TASK GOAL: Retype only the lines below from the one with "Yankees de Nueva" to the one with "At first, we", inclusive, skipping every image.

INFORMATION:
::::

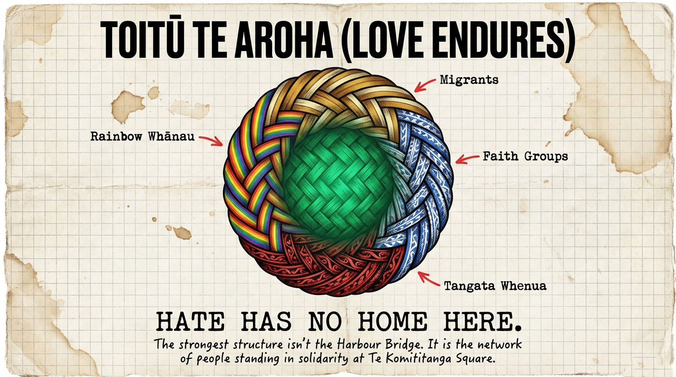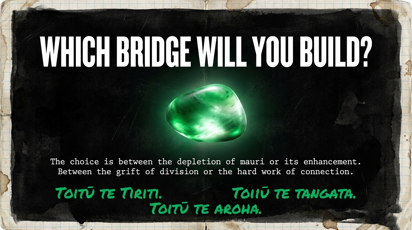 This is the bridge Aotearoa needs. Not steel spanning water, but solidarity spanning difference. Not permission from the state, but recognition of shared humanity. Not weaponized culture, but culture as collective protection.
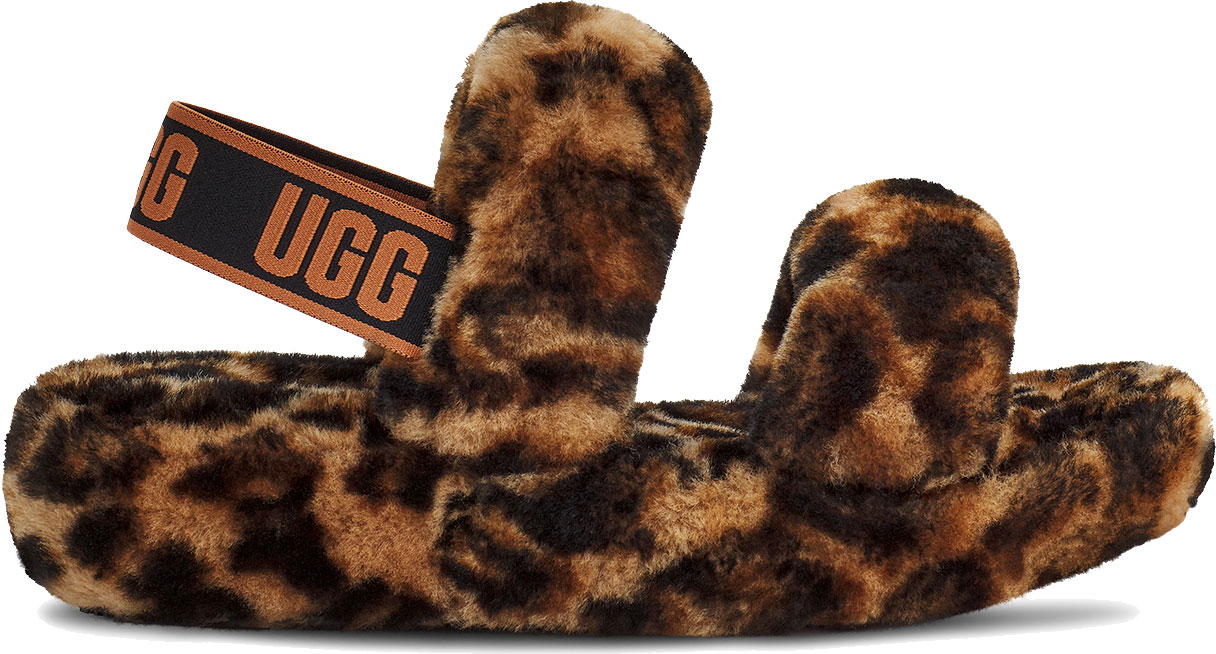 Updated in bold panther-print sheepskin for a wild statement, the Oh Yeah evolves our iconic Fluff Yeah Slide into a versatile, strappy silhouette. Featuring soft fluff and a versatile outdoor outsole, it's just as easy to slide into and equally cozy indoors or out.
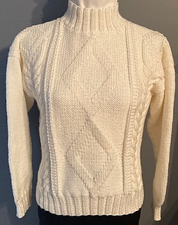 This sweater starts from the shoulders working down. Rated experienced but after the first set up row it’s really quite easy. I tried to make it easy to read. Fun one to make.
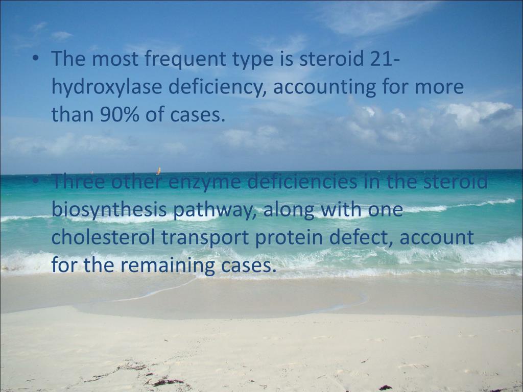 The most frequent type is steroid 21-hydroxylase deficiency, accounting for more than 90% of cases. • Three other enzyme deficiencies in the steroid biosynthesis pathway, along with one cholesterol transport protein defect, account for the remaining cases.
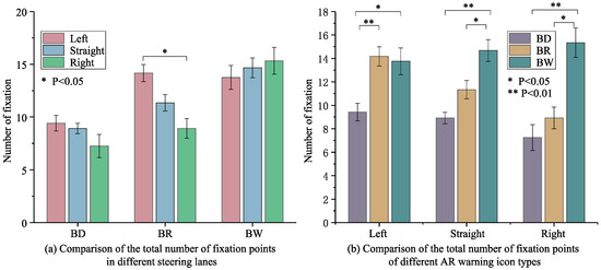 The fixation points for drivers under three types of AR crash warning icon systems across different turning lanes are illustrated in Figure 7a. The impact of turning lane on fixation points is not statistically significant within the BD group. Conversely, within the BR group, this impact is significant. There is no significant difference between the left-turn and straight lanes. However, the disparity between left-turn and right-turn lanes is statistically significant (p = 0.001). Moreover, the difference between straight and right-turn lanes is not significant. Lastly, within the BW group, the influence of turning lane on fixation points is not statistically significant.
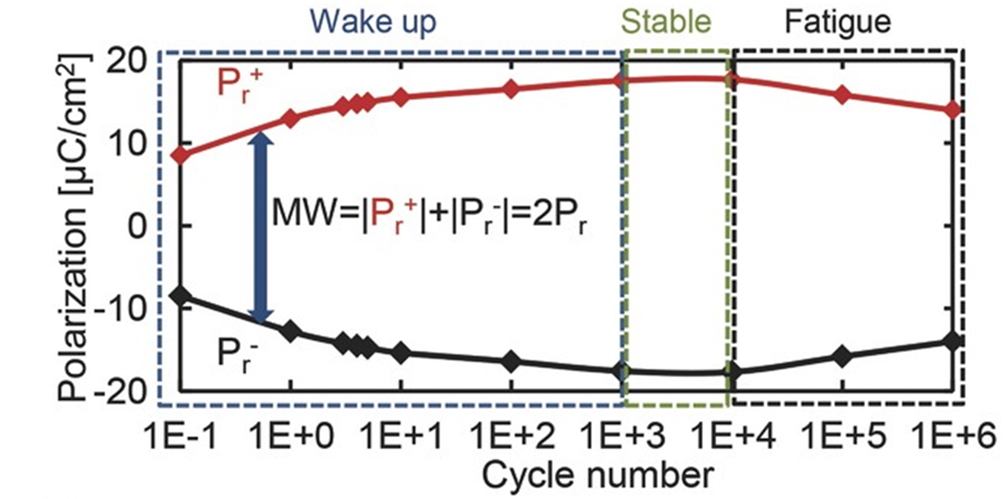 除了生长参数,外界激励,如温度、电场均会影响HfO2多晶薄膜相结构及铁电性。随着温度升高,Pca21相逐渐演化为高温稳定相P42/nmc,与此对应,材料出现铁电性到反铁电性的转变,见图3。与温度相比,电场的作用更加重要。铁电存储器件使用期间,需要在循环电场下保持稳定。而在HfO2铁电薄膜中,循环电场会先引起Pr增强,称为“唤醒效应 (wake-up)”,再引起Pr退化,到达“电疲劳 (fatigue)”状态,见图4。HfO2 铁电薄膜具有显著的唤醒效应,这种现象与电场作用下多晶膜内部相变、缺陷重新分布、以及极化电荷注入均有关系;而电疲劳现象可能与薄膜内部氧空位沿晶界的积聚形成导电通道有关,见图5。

::::

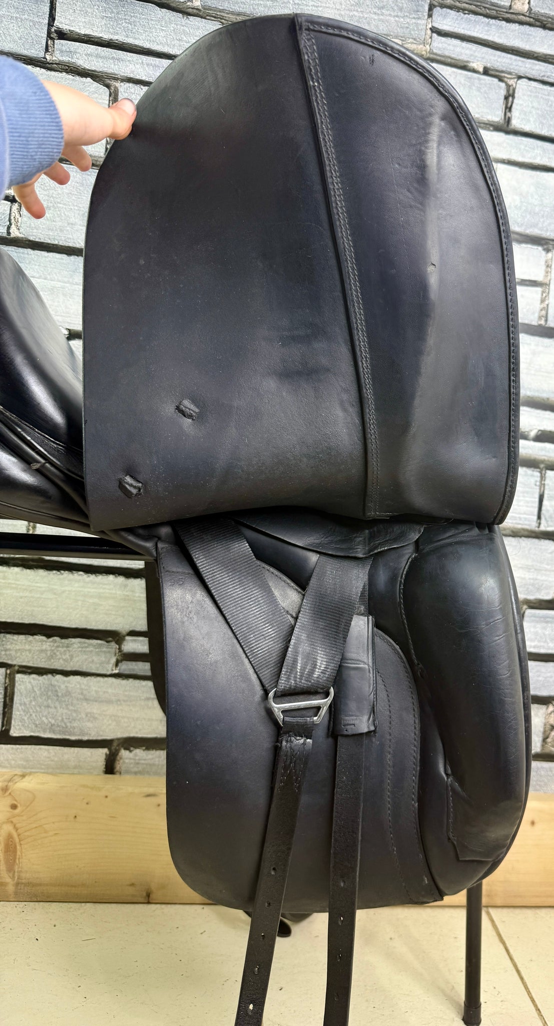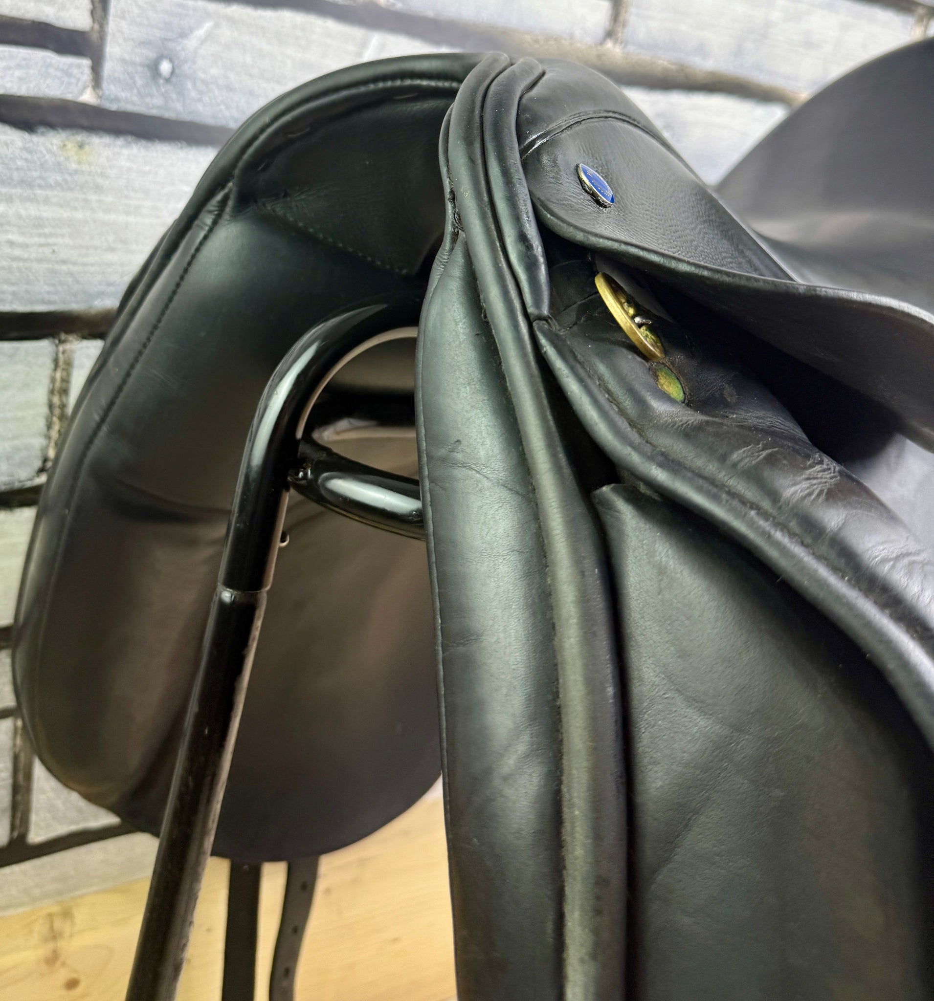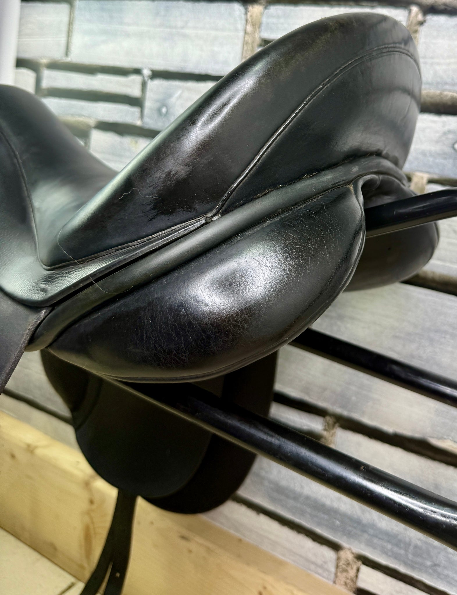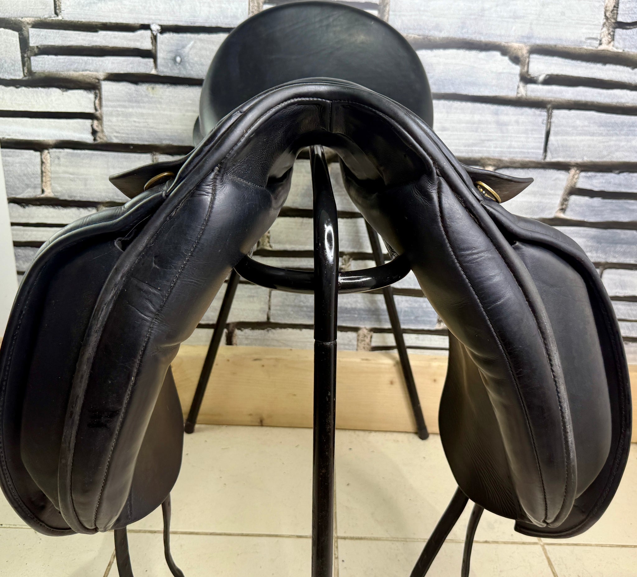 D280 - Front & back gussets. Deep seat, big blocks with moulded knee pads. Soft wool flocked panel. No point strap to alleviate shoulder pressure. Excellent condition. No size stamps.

::::

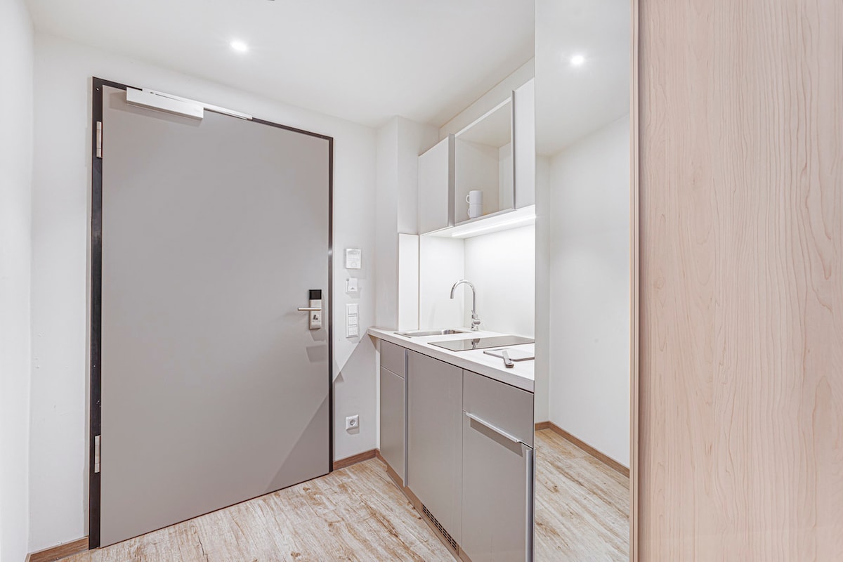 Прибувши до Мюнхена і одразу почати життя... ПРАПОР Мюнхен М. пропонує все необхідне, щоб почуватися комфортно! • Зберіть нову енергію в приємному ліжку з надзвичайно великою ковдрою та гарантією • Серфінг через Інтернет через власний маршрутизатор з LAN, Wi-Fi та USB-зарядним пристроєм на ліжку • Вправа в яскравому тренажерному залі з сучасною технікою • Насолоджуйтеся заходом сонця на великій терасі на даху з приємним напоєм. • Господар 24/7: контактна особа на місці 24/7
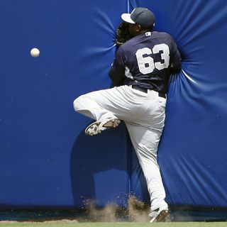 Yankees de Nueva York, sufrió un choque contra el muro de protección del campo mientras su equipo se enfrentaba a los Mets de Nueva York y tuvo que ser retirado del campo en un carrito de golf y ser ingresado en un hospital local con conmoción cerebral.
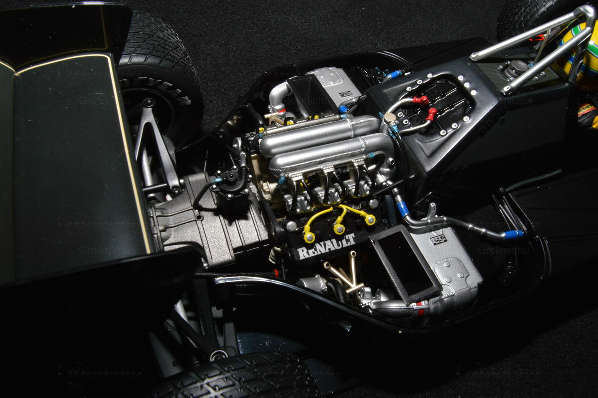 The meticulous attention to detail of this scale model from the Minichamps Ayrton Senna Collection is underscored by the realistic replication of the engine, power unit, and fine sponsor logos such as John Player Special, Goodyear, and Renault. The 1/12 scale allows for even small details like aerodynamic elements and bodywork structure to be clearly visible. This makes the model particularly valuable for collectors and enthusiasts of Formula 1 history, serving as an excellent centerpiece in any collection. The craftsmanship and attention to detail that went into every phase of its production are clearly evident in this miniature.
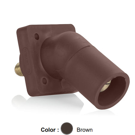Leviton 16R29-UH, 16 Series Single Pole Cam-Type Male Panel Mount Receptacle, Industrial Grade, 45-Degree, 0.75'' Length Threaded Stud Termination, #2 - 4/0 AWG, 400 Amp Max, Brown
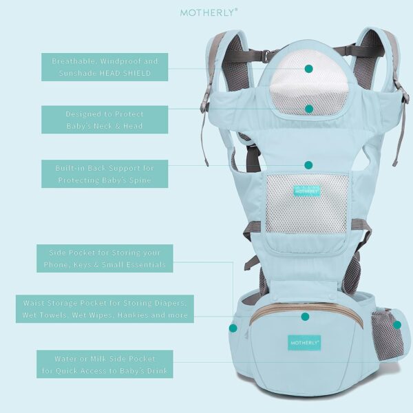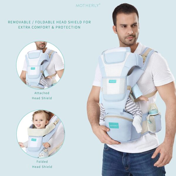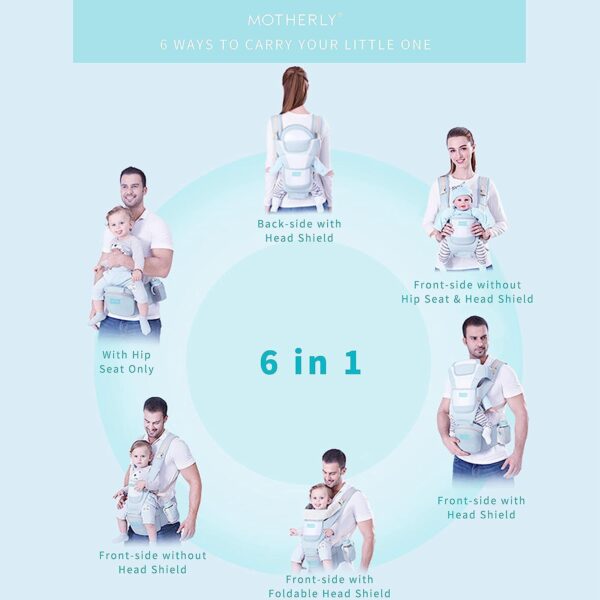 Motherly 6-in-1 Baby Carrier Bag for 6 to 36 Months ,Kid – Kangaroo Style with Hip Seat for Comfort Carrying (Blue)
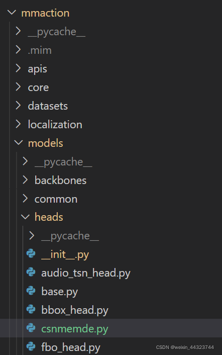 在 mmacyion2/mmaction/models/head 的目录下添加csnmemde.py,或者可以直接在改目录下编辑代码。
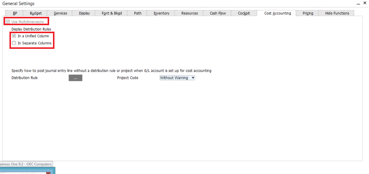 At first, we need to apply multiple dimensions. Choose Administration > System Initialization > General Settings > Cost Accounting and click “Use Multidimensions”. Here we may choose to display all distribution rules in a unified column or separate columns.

::::

OUTPUT FOR THIS EXERCISE:
 Yankees de Nueva York, sufrió un choque contra el muro de protección del campo mientras su equipo se enfrentaba a los Mets de Nueva York y tuvo que ser retirado del campo en un carrito de golf y ser ingresado en un hospital local con conmoción cerebral.
 The meticulous attention to detail of this scale model from the Minichamps Ayrton Senna Collection is underscored by the realistic replication of the engine, power unit, and fine sponsor logos such as John Player Special, Goodyear, and Renault. The 1/12 scale allows for even small details like aerodynamic elements and bodywork structure to be clearly visible. This makes the model particularly valuable for collectors and enthusiasts of Formula 1 history, serving as an excellent centerpiece in any collection. The craftsmanship and attention to detail that went into every phase of its production are clearly evident in this miniature.
Leviton 16R29-UH, 16 Series Single Pole Cam-Type Male Panel Mount Receptacle, Industrial Grade, 45-Degree, 0.75'' Length Threaded Stud Termination, #2 - 4/0 AWG, 400 Amp Max, Brown
 Motherly 6-in-1 Baby Carrier Bag for 6 to 36 Months ,Kid – Kangaroo Style with Hip Seat for Comfort Carrying (Blue)
 在 mmacyion2/mmaction/models/head 的目录下添加csnmemde.py,或者可以直接在改目录下编辑代码。
 At first, we need to apply multiple dimensions. Choose Administration > System Initialization > General Settings > Cost Accounting and click “Use Multidimensions”. Here we may choose to display all distribution rules in a unified column or separate columns.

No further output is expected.